*Dataset section:*
■ ■ ■
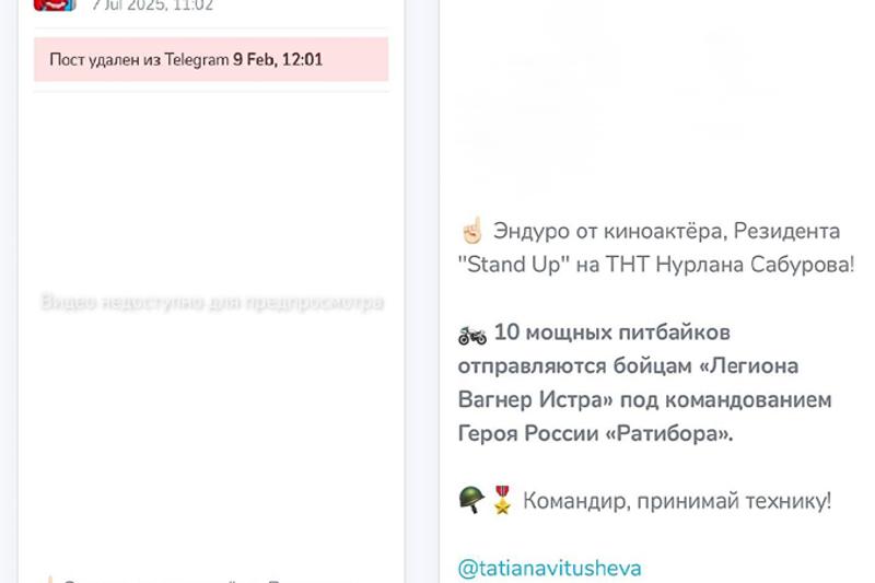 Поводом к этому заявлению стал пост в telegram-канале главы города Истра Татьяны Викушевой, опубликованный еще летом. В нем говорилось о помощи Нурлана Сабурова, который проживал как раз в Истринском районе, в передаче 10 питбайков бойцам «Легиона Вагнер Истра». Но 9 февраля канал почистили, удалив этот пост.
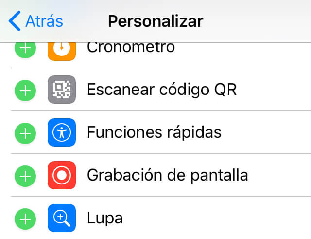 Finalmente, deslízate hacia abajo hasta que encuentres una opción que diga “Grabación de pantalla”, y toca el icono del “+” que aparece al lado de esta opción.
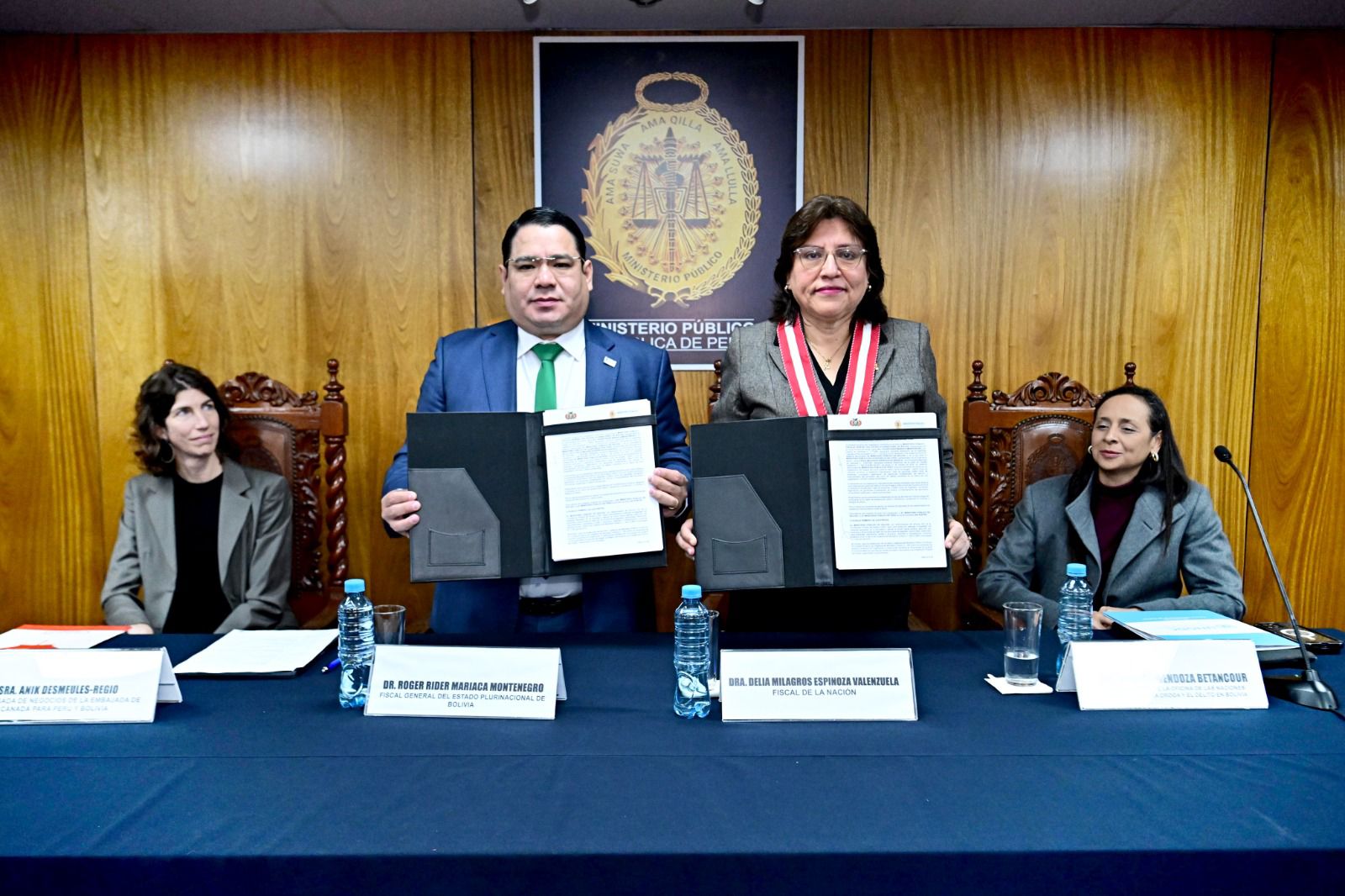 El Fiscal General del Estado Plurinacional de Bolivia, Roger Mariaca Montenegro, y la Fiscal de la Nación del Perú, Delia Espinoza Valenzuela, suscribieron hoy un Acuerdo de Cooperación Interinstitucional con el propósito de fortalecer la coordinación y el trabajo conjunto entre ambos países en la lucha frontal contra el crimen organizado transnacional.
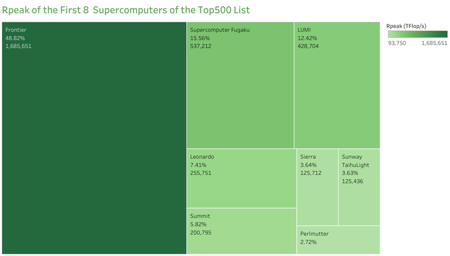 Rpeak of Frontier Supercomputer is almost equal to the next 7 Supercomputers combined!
■ ■ ■
*What you are asked to do:* Lines before the one containing "El Fiscal General" are not wanted; repeat that line and the rest of the listing exactly, leaving out pictures.

*Exercise solution:*
 El Fiscal General del Estado Plurinacional de Bolivia, Roger Mariaca Montenegro, y la Fiscal de la Nación del Perú, Delia Espinoza Valenzuela, suscribieron hoy un Acuerdo de Cooperación Interinstitucional con el propósito de fortalecer la coordinación y el trabajo conjunto entre ambos países en la lucha frontal contra el crimen organizado transnacional.
 Rpeak of Frontier Supercomputer is almost equal to the next 7 Supercomputers combined!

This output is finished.